**Task description**
Of all the lines below, output only those starting at the one with "The Fletcher Jones spring" and ending at the one with "part of something", both ends included, exactly as written.

===== Records to use

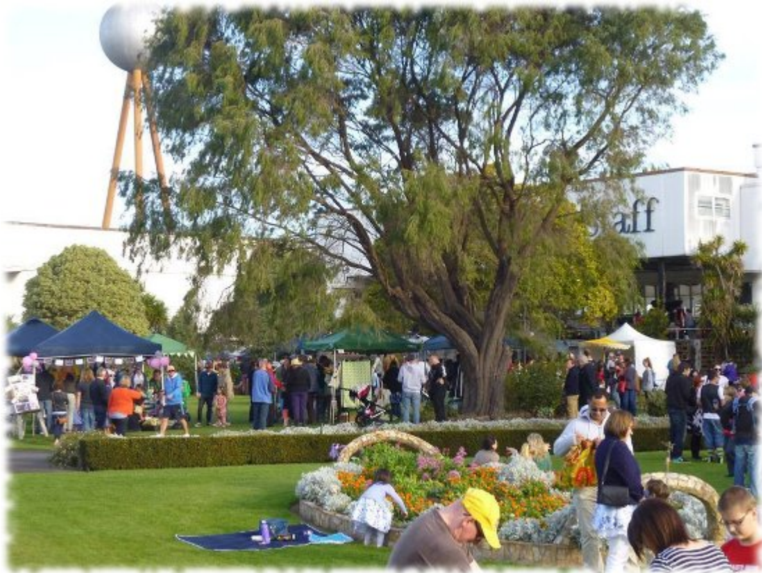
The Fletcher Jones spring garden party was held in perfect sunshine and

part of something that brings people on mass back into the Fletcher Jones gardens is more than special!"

==========
===== Records to use

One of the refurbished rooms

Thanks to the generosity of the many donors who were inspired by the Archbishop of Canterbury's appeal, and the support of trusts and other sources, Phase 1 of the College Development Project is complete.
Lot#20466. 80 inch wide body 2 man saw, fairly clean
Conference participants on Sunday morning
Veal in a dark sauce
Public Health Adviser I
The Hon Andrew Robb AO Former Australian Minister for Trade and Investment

==========

**Written response**
The Fletcher Jones spring garden party was held in perfect sunshine and

part of something that brings people on mass back into the Fletcher Jones gardens is more than special!"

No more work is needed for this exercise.